Jozsef Garai
Thermodynamic Description of Elastic Solids
Part 1
Inconsistencies in the current thermodynamic description of elastic solids
Part 2
Part 3
Part 4
Part 5
Internal energy and other state funcitons
Contemporary thermodynamics assumes that with the introduction of the volume coefficient of expansion and the bulk modulus the thermodynamic description of the solid* phase is completed. It is also assumed that the rest of the thermodynamic equations describing gas phase can be used for solids without modification. The author/s disagrees with these assumptions and suggests that the thermodynamic description of solids is incomplete and additional modifications are necessary.
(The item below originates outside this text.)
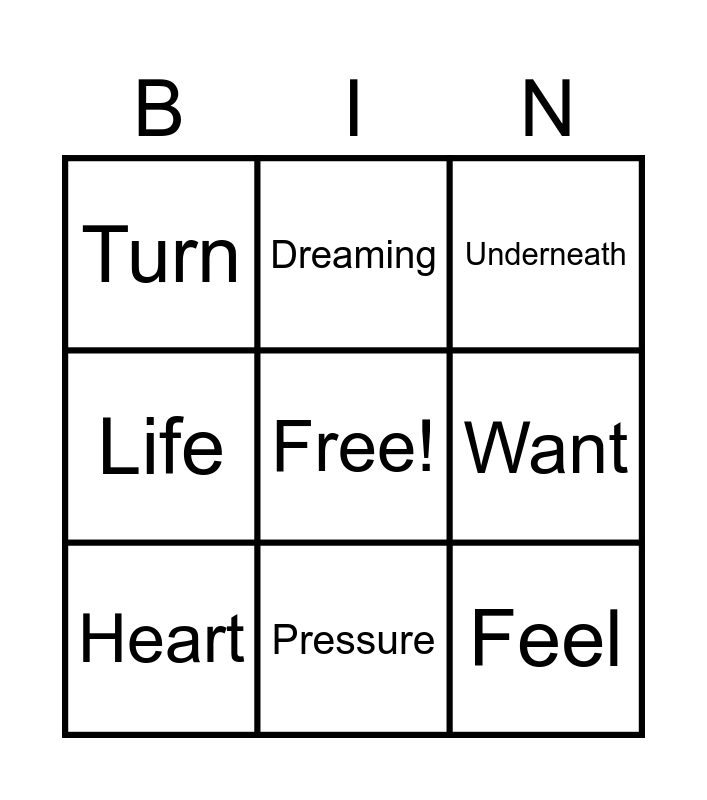 This bingo card has a free space and 40 words: Magic, Dream, Legends, Heart, Alive, Diamonds, Pressure, Weight, Feel, Together, Adventure, Life, Share, Believe, Shine, Everyday, Make, Turn, Say, Underneath, Again, You, Everything, Want, This, Oh, Me, Feelings, Energy, Time, Moment, Celebrate, Joy, Love, Hope, Light, Rise, Change, Dreaming and Alive again.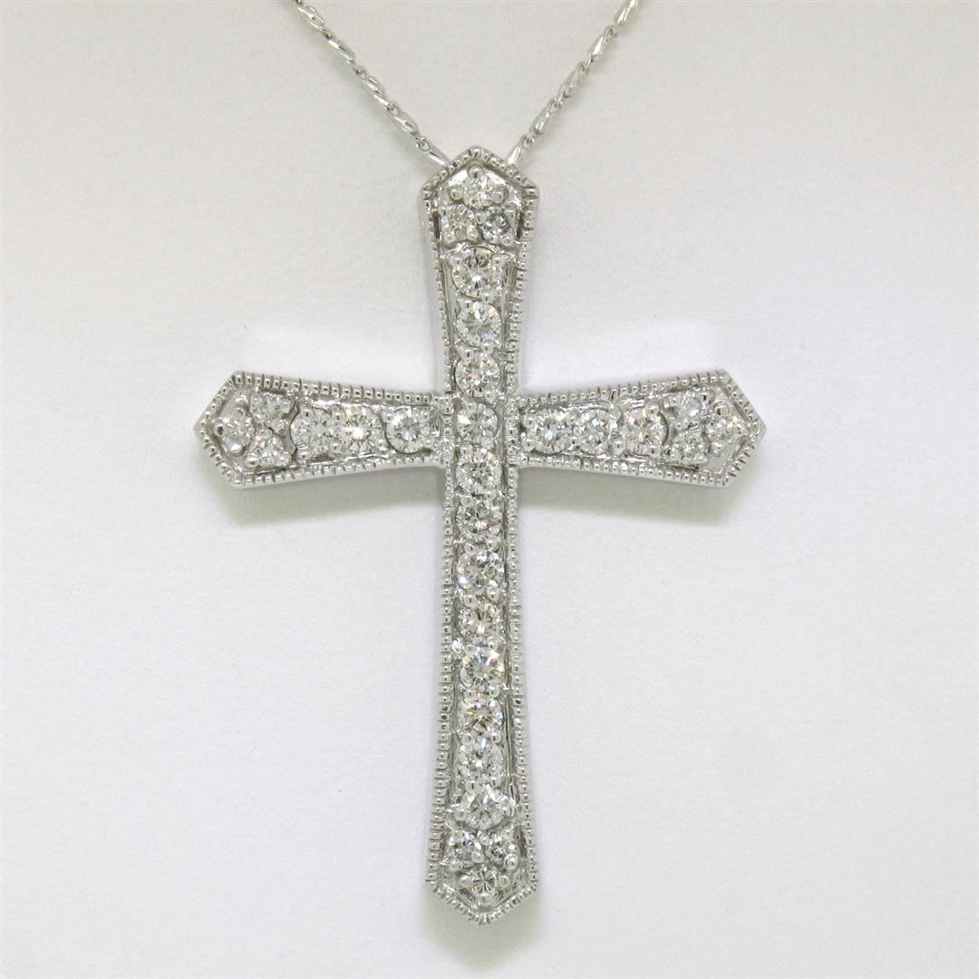 Large 14k White Gold 1.18 ctw Round Diamond Cross Pendant w/ 18" Fancy Link Chai

In part one it is demonstrated that using the conventional thermodynamic equations of solids leads to erroneous results.
In the second part the complete thermo-elastic coupling of solids is challenged. Using rigorous mathematics it is shown that neither the pressure not the temperature correlates to the volume but rather to the compressed and expanded volume respectively. These volume changes are not interchangeable and have to be treated separately (Fig. 1). It is concluded that thermoelastic coupling in solid phase exist only at constant volume and that the relationship between the temperature and pressure is irreversible.
In part three by making distinction between the different volume changes the proper work functions for each of the thermodynamic conditions have been derived. It is shown that a self consistent thermodynamic description of a system requires a homogeneous model thus both the system and the surrounding have the same phase.
In part four the description of the solid phase heat capacities is given. The values of the constant pressure and volume heat capacities are differ by the mechanical work done on the surrounding at one degree of temperature increase. Modifying the work functions for elastic solids resulting that the heat capacities has to be adjusted to accommodate the modifications of the work function. The characteristic behavior of the molar work heat capacities is shown as function of pressure and temperature in Fig. 2.
In the last part the internal energy and other state functions are discussed for solids.